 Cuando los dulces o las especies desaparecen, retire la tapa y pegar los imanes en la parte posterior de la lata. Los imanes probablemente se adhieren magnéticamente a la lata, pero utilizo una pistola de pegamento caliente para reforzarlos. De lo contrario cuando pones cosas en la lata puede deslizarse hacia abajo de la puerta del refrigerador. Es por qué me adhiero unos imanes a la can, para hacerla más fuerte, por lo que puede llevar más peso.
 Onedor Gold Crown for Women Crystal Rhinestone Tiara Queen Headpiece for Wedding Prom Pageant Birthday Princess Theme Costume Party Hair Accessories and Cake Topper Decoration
#####
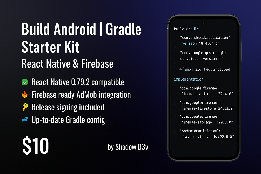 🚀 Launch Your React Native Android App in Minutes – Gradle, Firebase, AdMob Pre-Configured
#####
**TASK DESCRIPTION**
Copy the records above exactly, beginning at the line that contains "Cuando los dulces" and stopping after the line that contains "Onedor Gold Crown".

**TASK RESULT**
 Cuando los dulces o las especies desaparecen, retire la tapa y pegar los imanes en la parte posterior de la lata. Los imanes probablemente se adhieren magnéticamente a la lata, pero utilizo una pistola de pegamento caliente para reforzarlos. De lo contrario cuando pones cosas en la lata puede deslizarse hacia abajo de la puerta del refrigerador. Es por qué me adhiero unos imanes a la can, para hacerla más fuerte, por lo que puede llevar más peso.
 Onedor Gold Crown for Women Crystal Rhinestone Tiara Queen Headpiece for Wedding Prom Pageant Birthday Princess Theme Costume Party Hair Accessories and Cake Topper Decoration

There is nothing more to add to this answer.